Government stopped plant abandonment
Funabashi and Kitazawa cited IAEA's demand in 2007 that Japan clarify the roles of its overlapping regulatory bodies, the Nuclear and Industrial Safety Agency (NISA) and the Nuclear Safety Commission (NSC). NSC responded by dismissing the IAEA recommendation and boasting of the quality of Japan's safety oversight.
Funabashi said that both NISA and NSC are discredited. "Certainly the government must establish a new agency. But what kind of regulatory authority must be formed? That matters a lot.
"We have argued strongly that the new one must be completely independent from the utilities, operators and independent from the government and the politics. But how to really put that vision into concrete form requires a lot of serious debate, and a critical review of what went wrong with Fukushima Daiichi.
"The lack of transparency has been a critical part of the whole issue. The public has never been convinced that the operators have been forthcoming on critical information."

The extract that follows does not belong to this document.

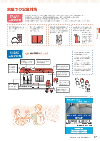 %u5bb6%u5ead%u3067%u306e%u5b89%u5168%u5bfe%u7b56%u2460 %u5bb6%u306e%u4e2d%u306b%u9003%u3052%u5834%u3068%u3057%u3066%u306e%u5b89%u5168%u306a%u5834%u6240%u3092%u4f5c%u308b%u2026%u5c11%u3057%u3067%u3082%u5b89%u5168%u306a%u30b9%u30da%u30fc%u30b9%u304c%u3067%u304d%u308b%u3088%u3046%u914d%u7f6e%u63db%u3048%u3059%u308b%u3002%u2461 %u5bdd%u5ba4%u3001%u5b50%u3069%u3082%u3084%u304a%u5e74%u5bc4%u308a%u306e%u3044%u308b%u90e8%u5c4b%u306b%u306f%u5bb6%u5177%u3092%u7f6e%u304b%u306a%u3044%u2026%u5c31%u5bdd%u4e2d%u306b%u707d%u5bb3%u306b%u8972%u308f%u308c%u308b%u3068%u5371%u967a%u3002%u2462 %u5bb6%u5177%u306e%u8ee2%u5012%u3084%u843d%u4e0b%u3092%u9632%u6b62%u2026%u5bb6%u5177%u3068%u58c1%u3084%u67f1%u306e%u9593%u306b%u904a%u3073%u304c%u3042%u308b%u3068%u5012%u308c%u3084%u3059%u3044%u3002%u2463 %u5b89%u5168%u306b%u907f%u96e3%u3067%u304d%u308b%u3088%u3046%u306b%u51fa%u5165%u308a%u53e3%u3084%u901a%u8def%u306b%u306f%u3082%u306e%u3092%u7f6e%u304b%u306a%u3044%u2026%u3044%u3056%u3068%u3044%u3046%u3068%u304d%u306b%u51fa%u5165%u308a%u53e3%u3092%u3075%u3055%u3044%u3067%u3057%u307e%u3046%u3002%u5bdd%u5ba4%u306e%u5bb6%u5177%u306f%u5012%u308c%u306a%u3044%u3088%u3046%u306b%u3001%u307e%u305f%u7f6e%u304b%u306a%u3044%u3088%u3046%u306b%u3057%u307e%u3057%u3087%u3046%u3002%u5bb6%u5177%u3084%u96fb%u6c17%u88fd%u54c1%u306f%u3001%u8ee2%u5012%u9632%u6b62%u7528%u306e%u91d1%u5177%u306a%u3069%u3067%u56fa%u5b9a%u3057%u307e%u3057%u3087%u3046%u3002%u307e%u305f%u3001%u9ad8%u3044%u3068%u3053%u308d%u306b%u8377%u7269%u3092%u7f6e%u304b%u306a%u3044%u3088%u3046%u306b%u3057%u307e%u3057%u3087%u3046%u3002%u7a93%u30ac%u30e9%u30b9%u3084%u98df%u5668%u68da%u306e%u30ac%u30e9%u30b9%u306b%u98db%u6563%u9632%u6b62%u306e%u30d5%u30a3%u30eb%u30e0%u3092%u8cbc%u308a%u307e%u3057%u3087%u3046%u3002%u706b%u306e%u53d6%u308a%u6271%u3044%u306b%u6ce8%u610f%u3057%u307e%u3057%u3087%u3046%u3002%u706b%u707d%u306b%u5bfe%u3057%u3066%u306f%u3001%u65e5%u9803%u304b%u3089%u706b%u306e%u53d6%u308a%u6271%u3044%u306b%u6ce8%u610f%u3059%u308b%u3068%u3068%u3082%u306b%u3001%u5bb6%u306e%u5468%u308a%u306b%u71c3%u3048%u3084%u3059%u3044%u3082%u306e%u3092%u7f6e%u304b%u306a%u3044%u3088%u3046%u306b%u5fc3%u304c%u3051%u307e%u3057%u3087%u3046%u3002%u307e%u305f%u3001%u6d88%u706b%u5668%u306e%u8a2d%u7f6e%u306b%u3082%u5fc3%u304c%u3051%u307e%u3057%u3087%u3046%u3002%u5927%u96e8%u3084%u3001%u53f0%u98a8%u306b%u5099%u3048%u3066%u65e5%u9803%u304b%u3089%u306e%u70b9%u691c%u30fb%u6574%u5099%u304c%u5927%u5207%u3067%u3059%u3002%u3044%u3056%u3068%u3044%u3046%u3068%u304d%u306e%u305f%u3081%u306b%u96e8%u306b%u5f31%u3044%u7b87%u6240%u3001%u98a8%u306b%u5f31%u3044%u7b87%u6240%u3092%u77e5%u3063%u3066%u304a%u304d%u307e%u3057%u3087%u3046%u3002%u5929%u6c17%u306e%u3044%u3044%u65e5%u306b%u5bb6%u306e%u5199%u771f%u3092%u64ae%u3063%u3066%u304a%u304f%u3053%u3068%u3082%u5bfe%u7b56%u6642%u306e%u5bfe%u5fdc%u306b%u5f79%u7acb%u3064%u3067%u3057%u3087%u3046%u3002%u6cb3%u5ddd%u306e%u5d29%u58ca%u3001%u304c%u3051%u5d29%u308c%u7b49%u3001%u5468%u56f2%u306e%u5371%u967a%u304b%u3089%u306e%u5f71%u97ff%u3082%u8003%u3048%u3066%u304a%u304d%u307e%u3057%u3087%u3046%u3002%u5bb6%u306e%u5916 %u5bb6%u306e%u5468%u56f2%u3092%u30c1%u30a7%u30c3%u30af%u306e%u5b89%u5168%u5bfe%u7b56%u5bb6%u306e%u4e2d%u306e%u5b89%u5168%u5bfe%u7b56%u81ea%u8ee2%u8eca%u3084%u770b%u677f%u306a%u3069%u306f%u7247%u4ed8%u3051%u3066%u304a%u304d%u307e%u3057%u3087%u3046%u30c6%u30ec%u30d3%u30a2%u30f3%u30c6%u30ca%u306f%u9306%u3073%u305f%u308a%u3086%u308b%u3093%u3060%u308a%u3057%u3066%u3044%u306a%u3044%u304b%u5c4b%u6839%u74e6%u3084%u30c8%u30bf%u30f3%u304c%u3081%u304f%u308c%u305f%u308a%u58ca%u308c%u3066%u306a%u3044%u304b%u98db%u3070%u3055%u308c%u305d%u3046%u306a%u690d%u6728%u306f%u306a%u3044%u304b%u96e8%u3069%u3044%u306b%u67af%u8449%u3084%u7802%u304c%u3064%u307e%u3063%u3066%u3044%u306a%u3044%u304b%u30d7%u30ed%u30d1%u30f3%u30ac%u30b9%u306e%u30dc%u30f3%u30d9%u306f%u56fa%u5b9a%u3055%u308c%u3066%u3044%u308b%u304b%u7269%u5e72%u3057%u7aff%u3084%u690d%u6728%u9262%u304c%u98a8%u306b%u98db%u3070%u3055%u308c%u306a%u3044%u3088%u3046%u306b%u7a93%u306b%u30ac%u30bf%u30c4%u30ad%u304c%u306a%u3044%u304b%u96e8%u6238%u304c%u9589%u307e%u308b%u304b37%u3044%u3056%u3068%u3044%u3046%u3068%u304d%u306b%u3008 %u5e83 %u544a %u3009

Now, Japan's nuclear plant operators must disclose all the results of stress tests on the country's remaining reactors, he said. "Unless and until there is full disclosure of this, they [the public] will not allow the nuclear plants to reopen."
Funabashi said the most startling discovery in the foundation's investigation was the statements that TEPCO top executives had decided to abandon the plant at the peak of the crisis on the night of March 14.

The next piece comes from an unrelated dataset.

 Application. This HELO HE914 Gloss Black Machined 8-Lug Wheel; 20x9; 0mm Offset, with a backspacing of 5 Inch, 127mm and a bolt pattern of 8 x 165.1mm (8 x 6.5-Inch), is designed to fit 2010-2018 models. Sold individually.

"That prompted [former Prime Minister Naoto Kan] and his team to storm into TEPCO headquarters and tell TEPCO top management that TEPCO would not be allowed to abandon [the plant], but would have to fight to continue to inject water" into the reactors, he said.
Tsunami risk reported week before it happened
Funabashi said his report is based on a series of interviews with Kan, senior government officials and TEPCO managers. But TEPCO top executives would not meet with the foundation's investigators, he said.
A report on the accident this month by James Acton and Mark Hibbs of the Carnegie Endowment for International Peace concluded that the crisis was preventable.
The Carnegie report agrees with the foundation's conclusions that TEPCO and NISA did not follow international best practices and safety standards in assessing the threat that a massive tsunami posed to the Fukushima Daiichi complex. "Most importantly, preliminary simulations conducted in 2008 that suggested the tsunami risk to the plant had been seriously underestimated were not followed up and were only reported to NISA on March 7, 2011," the Carnegie report says. The earthquake and tsunami waves struck a week later.
Acton and Hibbs noted that significant differences in nuclear safety regulation persist among nuclear programs in Japan, Europe and the United States. "In general, European regulators appear to have most consistently and expressly required nuclear power plants to undergo expensive engineering modifications to enhance safety."
In the United States, the emphasis is "not to enhance safety but to maintain it," they said. Decisions on costly engineering upgrades most be justified on a cost-benefit basis unless regulators conclude that public safety requires changes.
Since the Fukushima accident, draft amendments to Japan's nuclear safety legislation have been proposed that would allow a new regulatory agency to order upgrades.
"We don't know where India and China and Russia are on the quality of their standards and regulations, because they are a lot more secretive. It is easier to criticize the U.S. and Europe because they have been more transparent." There is reason for the rest of the world to keep its eye on those programs, Acton said.